YOUR GOAL:
In the material below, begin at the line that has "ملصق الجريمة المتزايدة", stop after the line that has "STOGAS. Stogas kalamas", and transcribe those lines exactly, without pictures.

++++

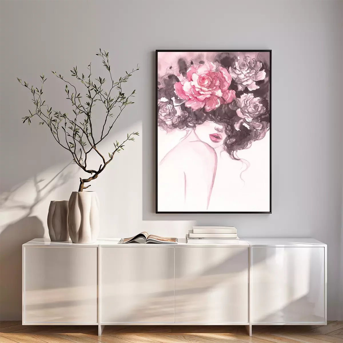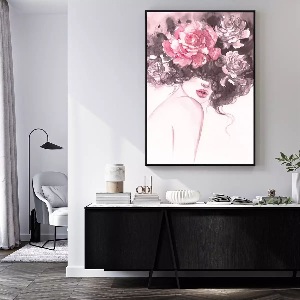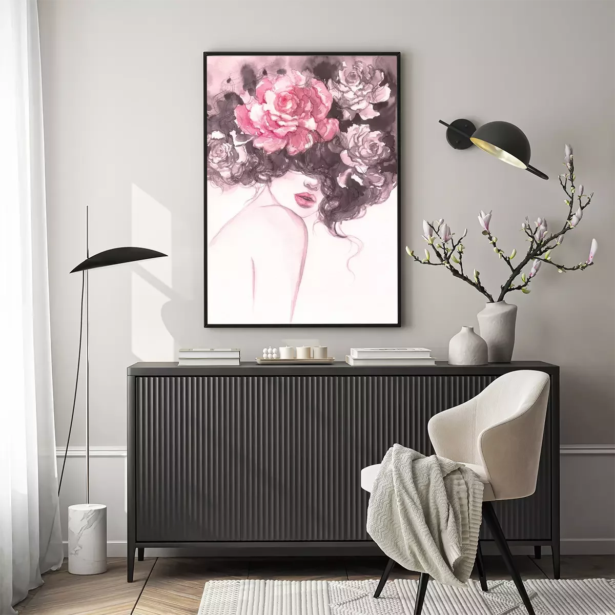 Poster  Roses aquarelles sensuelles dans les cheveux
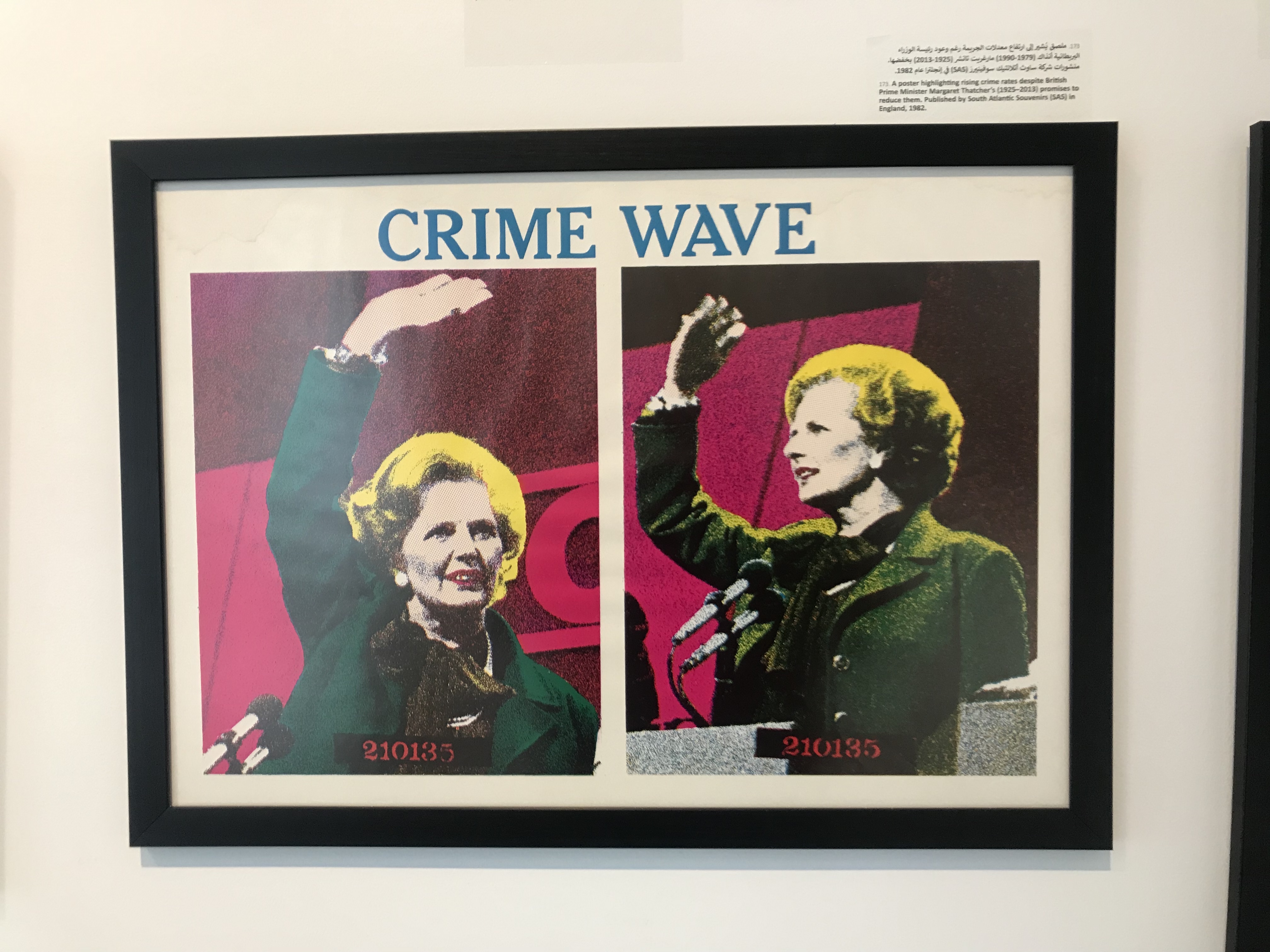 ملصق الجريمة المتزايدة في بريطانيا، وبدت فيه تاتشر رافعة اليد، مع رقم يرمز لعدد الجرائم زاد عن مائتي ألف حادث.
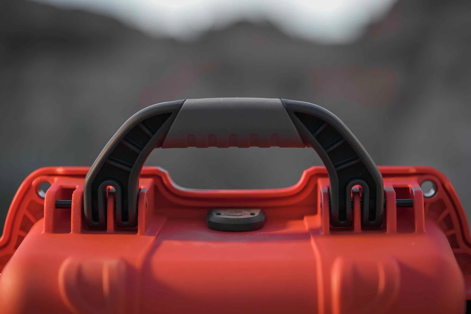 Захисний кейс NANUK 908 має міцну ергономічну ручку зі спеціальним нековзьким покриттям - вона закріплена на сталевих петлях і оснащена механізмом фіксації, тому ніколи не бовтається і не вдарить по пальцях. Крім того, конструкцією також передбачені пара металевих провушин у корпусі й кришці для додаткових навісних замків (звичайних чи кодових), вбудований клапан автоматичного вирівнювання тиску, котрий пропускає повітря (запобігаючи "самозапаковуванню" кейса), але надійно ізолює вміст кейса від вологи й пилу.
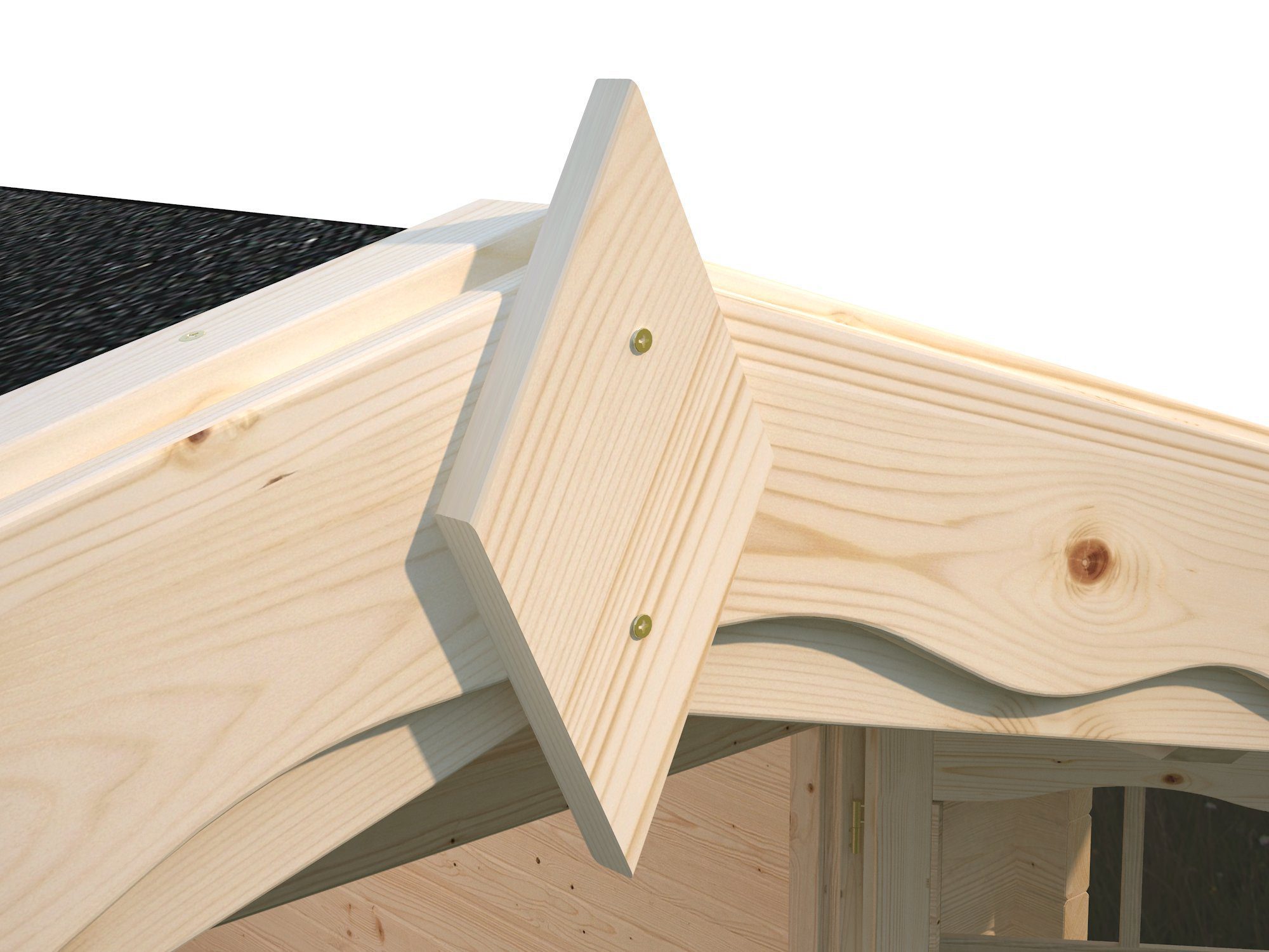 STOGAS. Stogas kalamas iš 19 mm neimpregnuotos spygliuočių medienos lentų, turinčių išdrožas ir įlaidas (špuntus) greitam ir kokybiškam surinkimui. Siekiant gaminį išsaugoti kuo ilgiau, rekomenduojama stogą dengti bituminėmis stogo čerpelėmis (komplektacijoje nėra). Visam stogo plotui uždengti, rekomenduojamas bituminių čerpelių kiekis – 10 pakuočių.
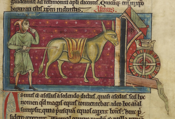 | The Rochester Bestiary is an English manuscript produced around 1230 to 1240, likely in Salisbury. It is part of the bestiary tradition, a genre that blends natural history, Christian symbolism, and moral instruction. The manuscript contains vivid descriptions of real and mythical animals, each accompanied by allegorical interpretations meant to convey moral or theological lessons. Animals like lions, elephants, donkeys, and even fantastical creatures such as unicorn and griffins are depicted with colourful miniatures and paired with Latin text that explains their supposed behaviours and spiritual meanings. This illustration depicts a man coaxing a donkey with a stick and whistle, guiding it toward a waterwheel. It is a rare vignette showcasing the use of watermills during the medieval era for grinding grains. The donkey is likely being used to transport the grain to the mill. Source: Bestiary. England, 1230-1240. British Library, Harley 4751, f.25 You can view the rest of Nyah’s exhibition here: |

++++

WORKED SOLUTION:
 ملصق الجريمة المتزايدة في بريطانيا، وبدت فيه تاتشر رافعة اليد، مع رقم يرمز لعدد الجرائم زاد عن مائتي ألف حادث.
 Захисний кейс NANUK 908 має міцну ергономічну ручку зі спеціальним нековзьким покриттям - вона закріплена на сталевих петлях і оснащена механізмом фіксації, тому ніколи не бовтається і не вдарить по пальцях. Крім того, конструкцією також передбачені пара металевих провушин у корпусі й кришці для додаткових навісних замків (звичайних чи кодових), вбудований клапан автоматичного вирівнювання тиску, котрий пропускає повітря (запобігаючи "самозапаковуванню" кейса), але надійно ізолює вміст кейса від вологи й пилу.
 STOGAS. Stogas kalamas iš 19 mm neimpregnuotos spygliuočių medienos lentų, turinčių išdrožas ir įlaidas (špuntus) greitam ir kokybiškam surinkimui. Siekiant gaminį išsaugoti kuo ilgiau, rekomenduojama stogą dengti bituminėmis stogo čerpelėmis (komplektacijoje nėra). Visam stogo plotui uždengti, rekomenduojamas bituminių čerpelių kiekis – 10 pakuočių.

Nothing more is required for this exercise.